Speaking of having your things taken, Tommy were you ever able to get back your DVDs?
Chong: No. The government keeps everything. They destroy everything. The movie was a big hit, it was shown on one of the cable networks and was big with the critics.
You became a target of the government. Did that ever make you paranoid?
Chong:The trouble with potheads is we never get paranoid until it's way too late. I was three months into my sentence when I woke up and thought 'Oh man, I shouldn't have put my face on that bong.'
That's why there's so many drug offenders in jail. We don't get paranoid because we don't think we're doing anything wrong. There's nothing morally wrong with what we're doing. We're just taking our medicine like good people do.
Do you think that your arrests had the opposite effect of what the government had intended? Rather than deter things, your arrests fueled the movement.
Chong: It really woke up a lot of people. My arrests that is. The government had so many irons in the fire, they probably forgot that I was on the list. Those kind of busts never work. They always backfire on the government. If the government could do it all over, they probably wouldn't have arrested me because I haven't shut my mouth since.

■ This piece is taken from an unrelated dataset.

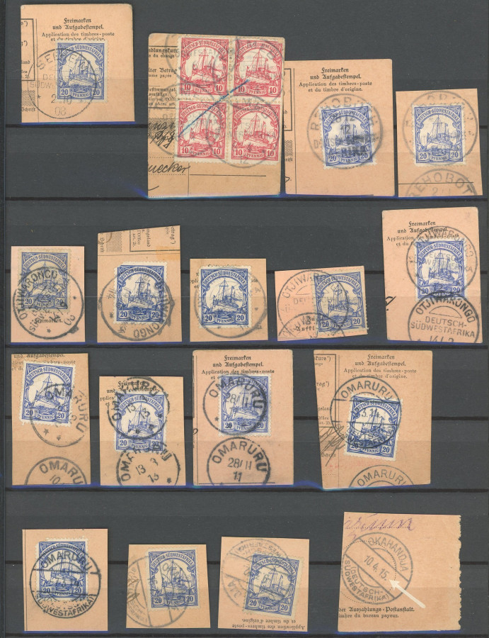 GERMAN SOUTHWEST AFRICA. 29 postal service sections with plain frankings, mixed quality, inspect! (Image)

7) What's next for Cheech & Chong?
Cheech: We're going to do a new tour. We'll probably do a movie. Some of our old record bits are being animated as we speak.
Chong: And we're going to colonize the moon. We're going to get way out there.
Cheech: Yes, it will be the first stoner haven of the universe.
*We know, there's a lot more than seven questions here but it's Cheech & Chong, so why not ask a few more?